◆ RECORDS FOR THIS EXERCISE

++++++++

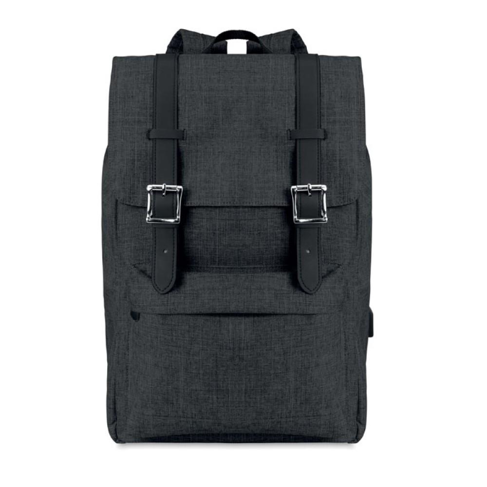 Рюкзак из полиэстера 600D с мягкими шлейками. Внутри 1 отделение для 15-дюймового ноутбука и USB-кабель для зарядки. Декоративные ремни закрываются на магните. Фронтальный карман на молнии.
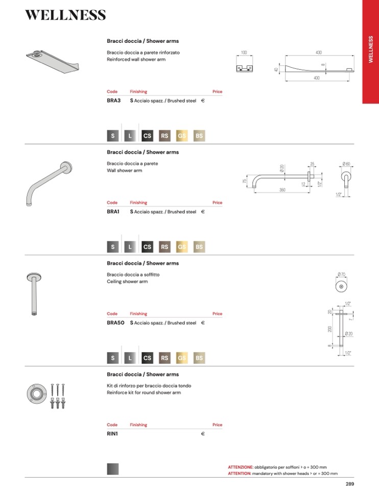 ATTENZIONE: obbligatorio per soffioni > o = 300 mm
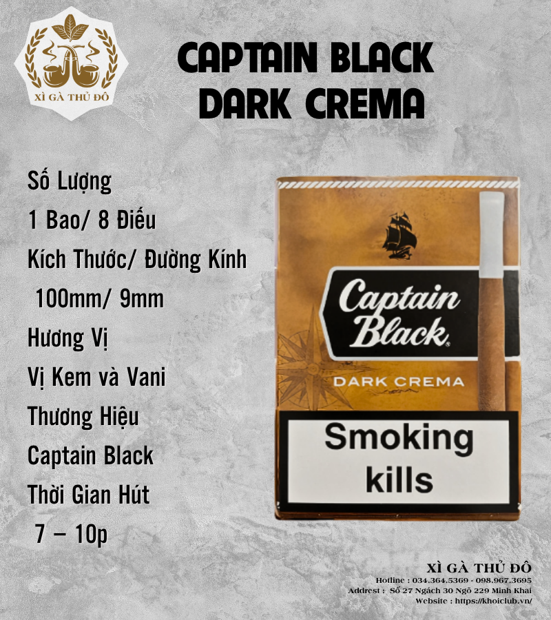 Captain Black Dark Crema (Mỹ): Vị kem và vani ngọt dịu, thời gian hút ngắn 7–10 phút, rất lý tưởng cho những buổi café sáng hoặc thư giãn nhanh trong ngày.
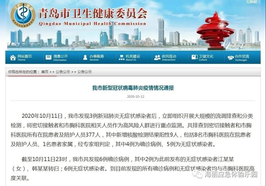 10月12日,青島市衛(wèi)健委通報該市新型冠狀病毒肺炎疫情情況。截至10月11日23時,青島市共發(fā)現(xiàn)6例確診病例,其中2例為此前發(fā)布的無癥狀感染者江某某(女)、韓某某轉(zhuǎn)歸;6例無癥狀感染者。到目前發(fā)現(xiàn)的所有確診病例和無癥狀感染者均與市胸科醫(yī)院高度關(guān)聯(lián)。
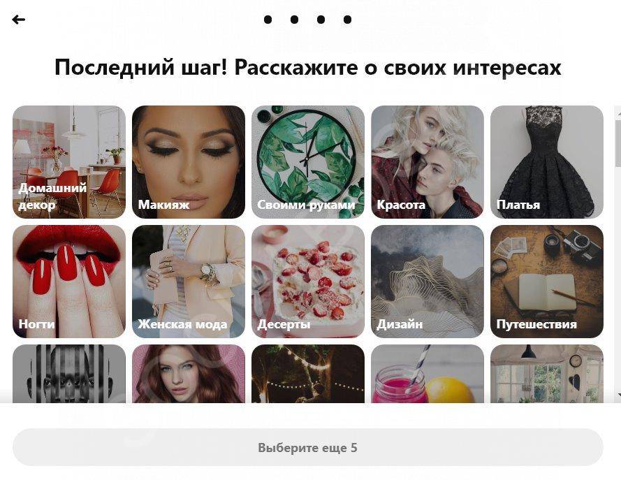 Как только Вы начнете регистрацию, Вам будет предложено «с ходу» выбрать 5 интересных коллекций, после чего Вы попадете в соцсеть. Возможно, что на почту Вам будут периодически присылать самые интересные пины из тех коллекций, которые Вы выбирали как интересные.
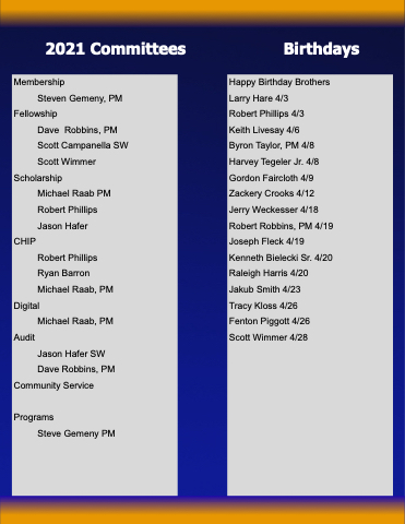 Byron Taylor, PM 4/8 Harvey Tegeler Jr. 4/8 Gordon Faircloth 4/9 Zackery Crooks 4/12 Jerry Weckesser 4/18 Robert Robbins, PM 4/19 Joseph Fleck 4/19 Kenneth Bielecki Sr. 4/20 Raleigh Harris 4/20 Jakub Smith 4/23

++++++++

◆ EXERCISE OBJECTIVE
Pictures excluded, copy the lines exactly from where the material starts to the line with "10月12日,青島市衛(wè", inclusive.

◆ TASK SOLUTION
 Рюкзак из полиэстера 600D с мягкими шлейками. Внутри 1 отделение для 15-дюймового ноутбука и USB-кабель для зарядки. Декоративные ремни закрываются на магните. Фронтальный карман на молнии.
 ATTENZIONE: obbligatorio per soffioni > o = 300 mm
 Captain Black Dark Crema (Mỹ): Vị kem và vani ngọt dịu, thời gian hút ngắn 7–10 phút, rất lý tưởng cho những buổi café sáng hoặc thư giãn nhanh trong ngày.
 10月12日,青島市衛(wèi)健委通報該市新型冠狀病毒肺炎疫情情況。截至10月11日23時,青島市共發(fā)現(xiàn)6例確診病例,其中2例為此前發(fā)布的無癥狀感染者江某某(女)、韓某某轉(zhuǎn)歸;6例無癥狀感染者。到目前發(fā)現(xiàn)的所有確診病例和無癥狀感染者均與市胸科醫(yī)院高度關(guān)聯(lián)。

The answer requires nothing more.